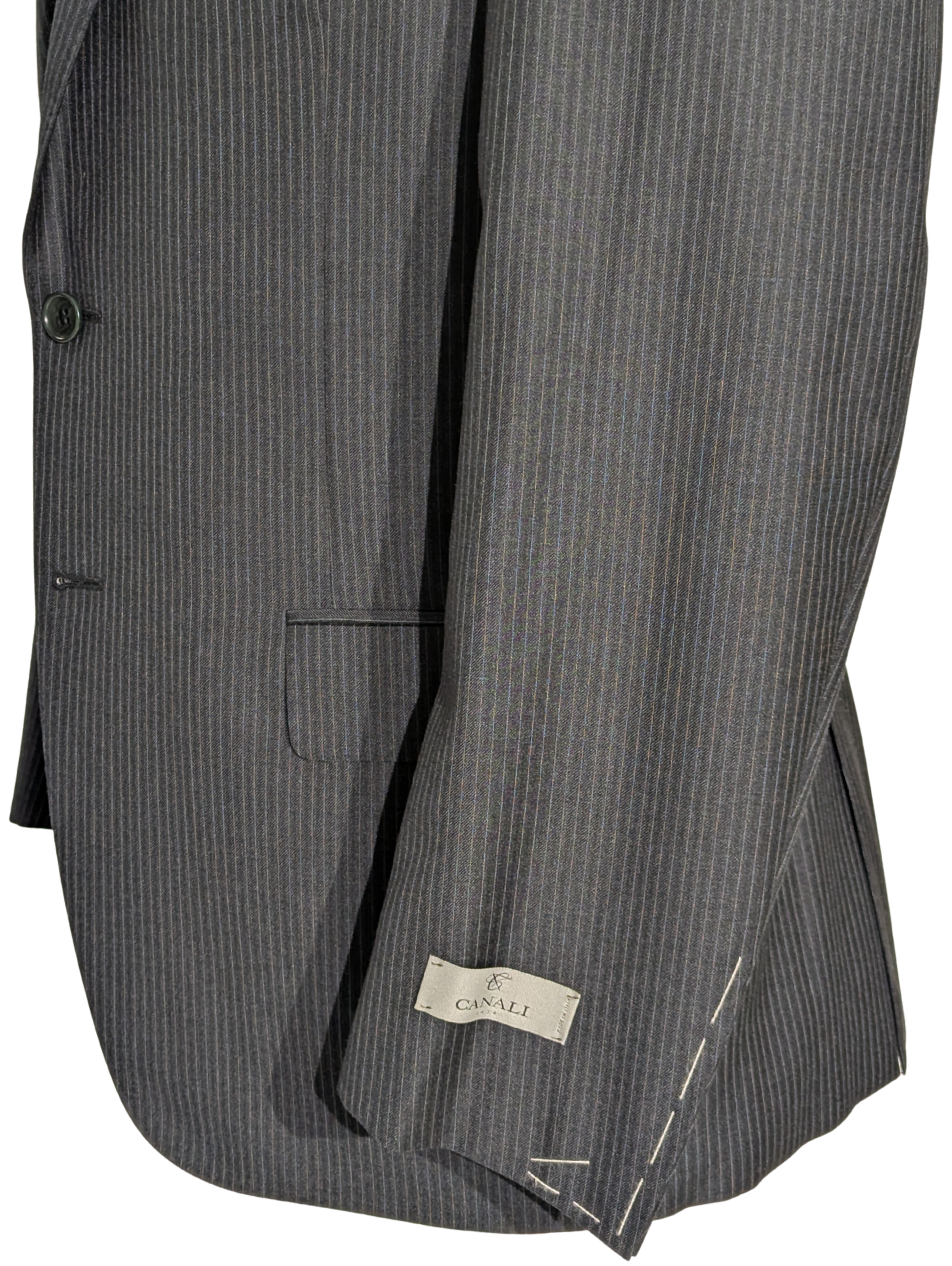 Canali Charcoal Pinstripe 100% Wool Suit 38S
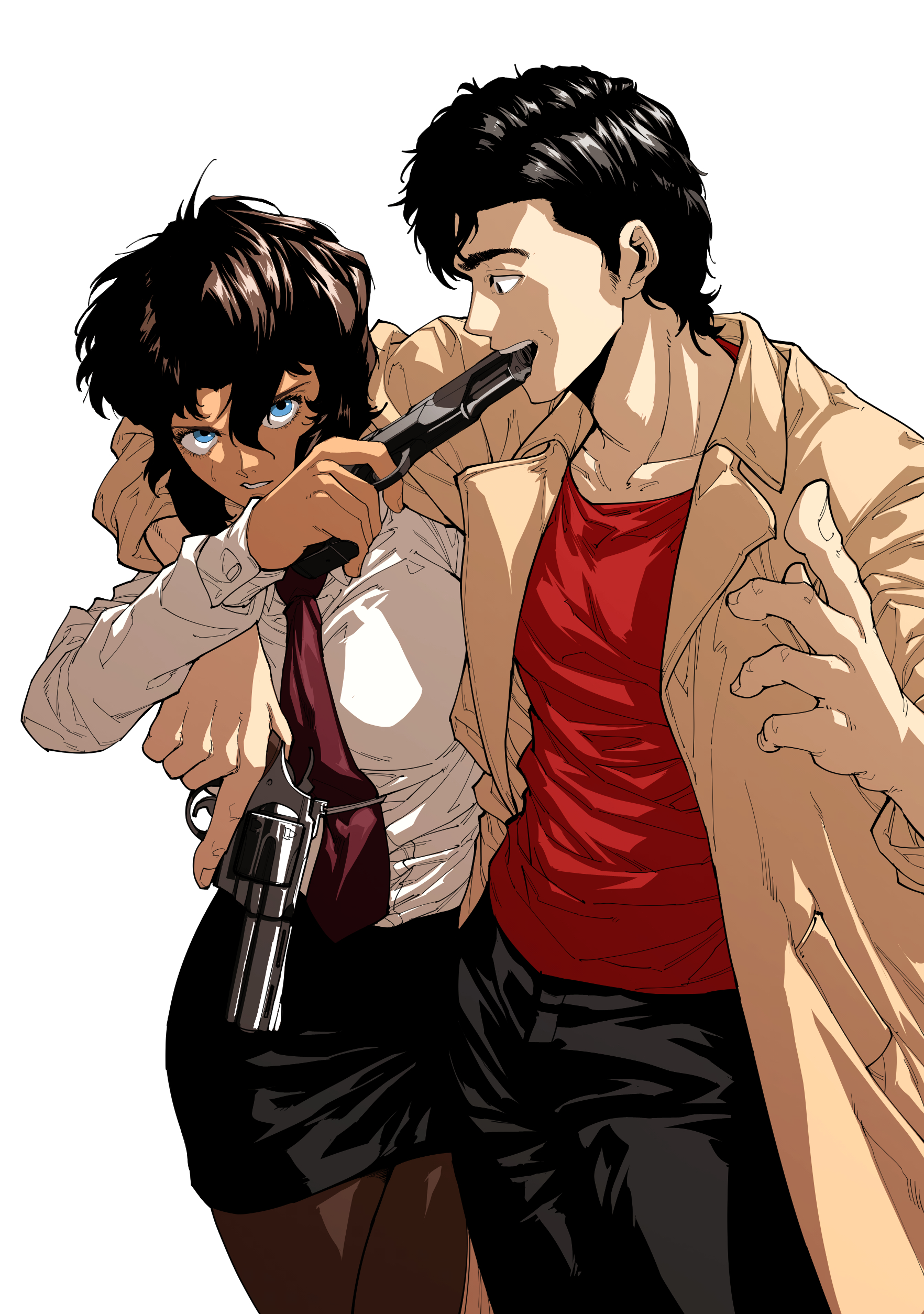 1boy 1girl absurdres aiming_at_another aiming_down angry arm_around_neck black_hair black_pants black_skirt blue_eyes bob_cut breasts brown_coat brown_hair brown_pantyhose city_hunter coat collarbone collared_shirt colt_python commentary cowboy_shot cz_75 dark-skinned_female dark_skin dress_shirt eyelashes finger_on_trigger gun gun_in_mouth gunsmith_cats hair_between_eyes hand_up handgun height_difference highres inverted_bob korean_commentary long_bangs looking_ahead looking_at_another medium_breasts messy_hair miniskirt necktie nervous open_clothes open_coat pants pantyhose rally_vincent red_necktie red_shirt revolver rocklobster52s saeba_ryou shirt short_hair side-by-side sidelocks simple_background skirt standing t-shirt tie_clip trench_coat trigger_discipline upturned_eyes v-shaped_eyebrows wavy_hair weapon white_background white_shirt
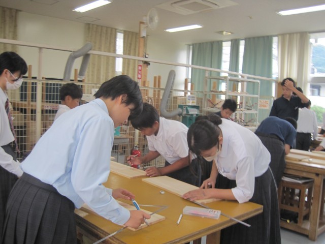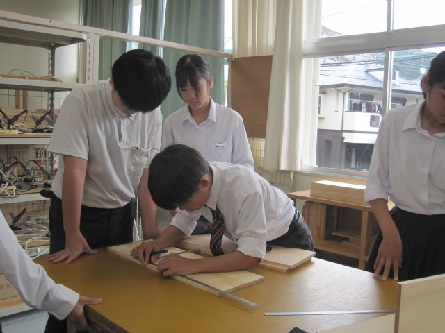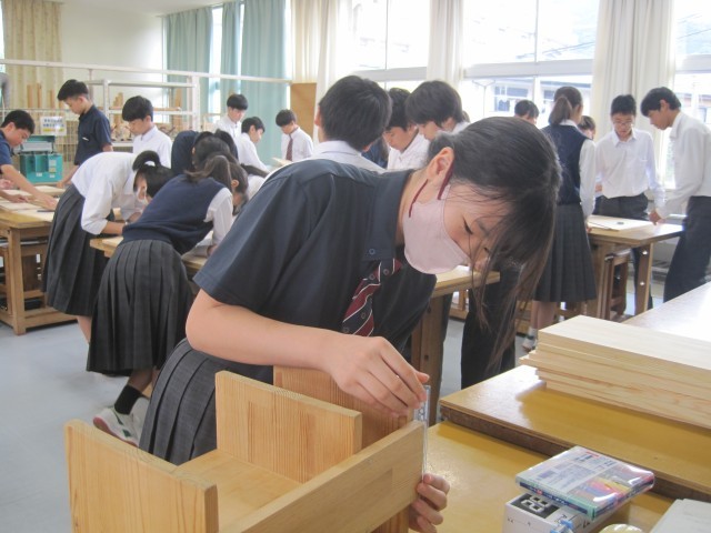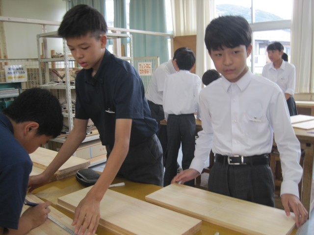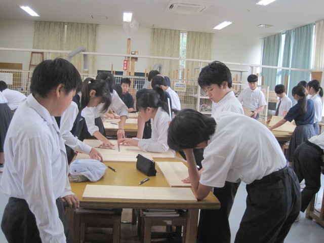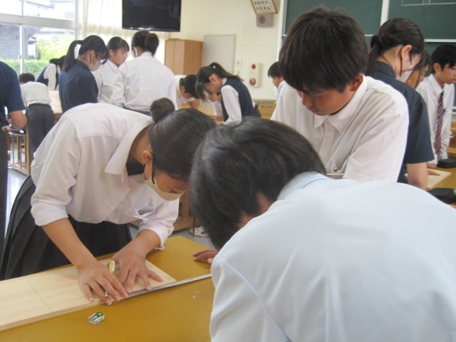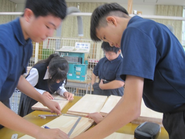 1年1組の技術の授業では、板の長さを班員で協力しながら測っていました。中には、先輩の作品でしょうか。完成した作品の長さを測っている人も!1mmの誤差なく測っているようです!
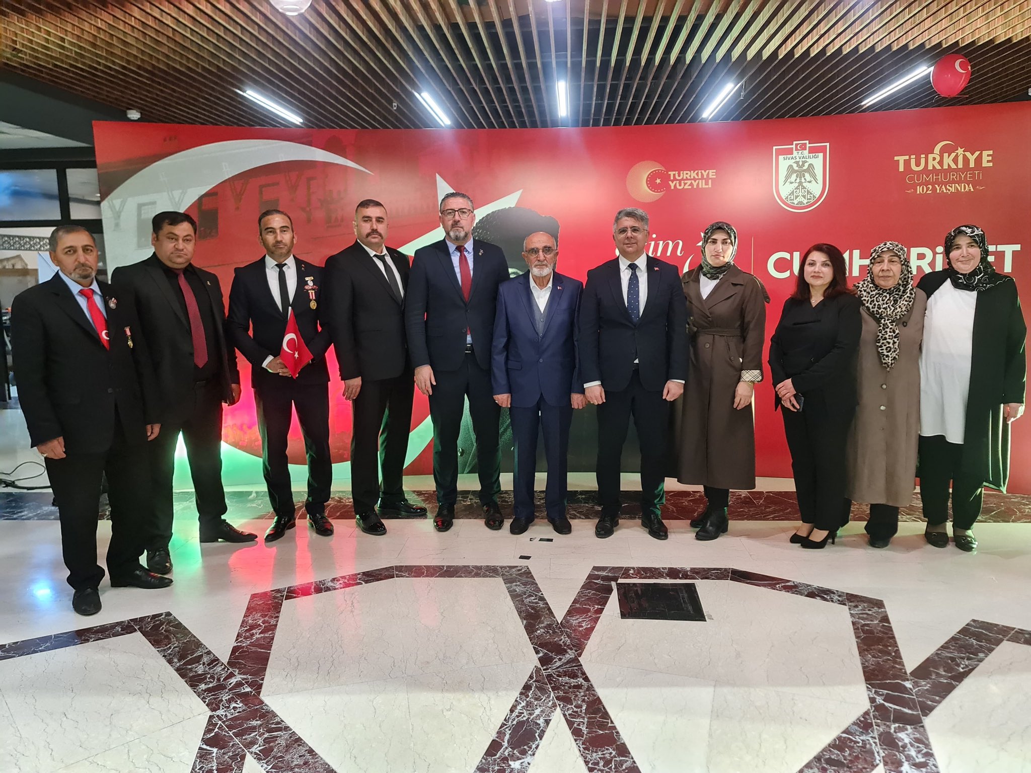 Valimiz Sn. Yılmaz Şimşek ve eşi Çiğdem Olgun Şimşek Hanımefendinin ev sahipliğinde Sivas Valiliği Ek Bina fuaye alanında gerçekleştirilen programa; Garnizon ve 5’inci Piyade Eğitim Tugay Komutanı Tuğgeneral Zeynel Abidin Alptekin, Belediye Başkanı Adem Uzun, Cumhuriyet Başsavcısı Mehmet Akif Aktaş, rektörler, vali yardımcıları, İl Müdürümüz Özgür Kırmızıtaş, kamu kurum ve kuruluşlarının müdürleri, sivil toplum kuruluşu temsilcileri ile çok sayıda davetli katıldı.

(Task description)
Give an exact copy of the listing, without its pictures.

(Exercise response)
 Canali Charcoal Pinstripe 100% Wool Suit 38S
 1boy 1girl absurdres aiming_at_another aiming_down angry arm_around_neck black_hair black_pants black_skirt blue_eyes bob_cut breasts brown_coat brown_hair brown_pantyhose city_hunter coat collarbone collared_shirt colt_python commentary cowboy_shot cz_75 dark-skinned_female dark_skin dress_shirt eyelashes finger_on_trigger gun gun_in_mouth gunsmith_cats hair_between_eyes hand_up handgun height_difference highres inverted_bob korean_commentary long_bangs looking_ahead looking_at_another medium_breasts messy_hair miniskirt necktie nervous open_clothes open_coat pants pantyhose rally_vincent red_necktie red_shirt revolver rocklobster52s saeba_ryou shirt short_hair side-by-side sidelocks simple_background skirt standing t-shirt tie_clip trench_coat trigger_discipline upturned_eyes v-shaped_eyebrows wavy_hair weapon white_background white_shirt
 1年1組の技術の授業では、板の長さを班員で協力しながら測っていました。中には、先輩の作品でしょうか。完成した作品の長さを測っている人も!1mmの誤差なく測っているようです!
 Valimiz Sn. Yılmaz Şimşek ve eşi Çiğdem Olgun Şimşek Hanımefendinin ev sahipliğinde Sivas Valiliği Ek Bina fuaye alanında gerçekleştirilen programa; Garnizon ve 5’inci Piyade Eğitim Tugay Komutanı Tuğgeneral Zeynel Abidin Alptekin, Belediye Başkanı Adem Uzun, Cumhuriyet Başsavcısı Mehmet Akif Aktaş, rektörler, vali yardımcıları, İl Müdürümüz Özgür Kırmızıtaş, kamu kurum ve kuruluşlarının müdürleri, sivil toplum kuruluşu temsilcileri ile çok sayıda davetli katıldı.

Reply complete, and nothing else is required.